[Work instructions]:
Write out again, exactly as they appear, the lines from the start of the data below through the line with "MASCARA INDIGENA EN"; no pictures.

[Data]:
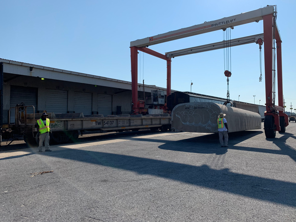 Below are images of the offloading of the steel coils, including the use of our Shuttle Lift (Straddle Crane) removing the covered gondola that protects the shipment from the weather and debris during the transportation process.
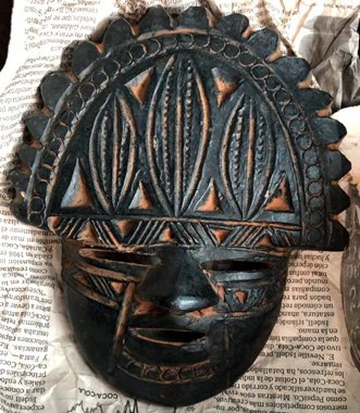 MASCARA INDIGENA EN CERAMICA OJOS RASGADOS PEINADO MEDIA LUNA ABANICO
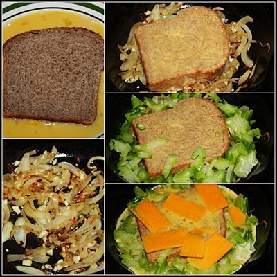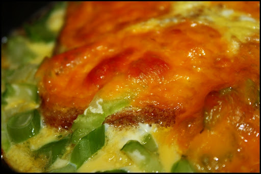 Okay. Firstly, let me explain what this is. And by this I don’t mean classically (in the culinary world) but what it was to me; what it was for my dinner tonight. It was…well…a sort of look-in-the-fridge-and-make-make-something-out-of-it meal. Like much of the east coast we got hit with heavy snow today and I didn’t feel like going shopping after work. My son was out so I only had to cook for myself. So I checked my kitchen and I found some eggs, bread, onions, garlic, cheese, and a few broccoli stems (I ate the florets from them a few night ago). So this is what I made. A strata (culinarily speaking) is a cross between a frittata (or a quiche with the crust on the inside) and a sort of savory French toast. Interestingly, the French word for French toast is “pain perdu,” or lost bread, indicating the bread is stale and cooking it in that manner is a way of reclaiming it (or at least not wasting). And that’s exactly what this was tonight. This was really good and satisfying, and as far as the ingredients the sky really is the limit (but the contents of your fridge are the real limit). Anyhow, this couldn’t have been easier to make, and it hit the spot…thought I’d share the recipe.

[Finished task]:
 Below are images of the offloading of the steel coils, including the use of our Shuttle Lift (Straddle Crane) removing the covered gondola that protects the shipment from the weather and debris during the transportation process.
 MASCARA INDIGENA EN CERAMICA OJOS RASGADOS PEINADO MEDIA LUNA ABANICO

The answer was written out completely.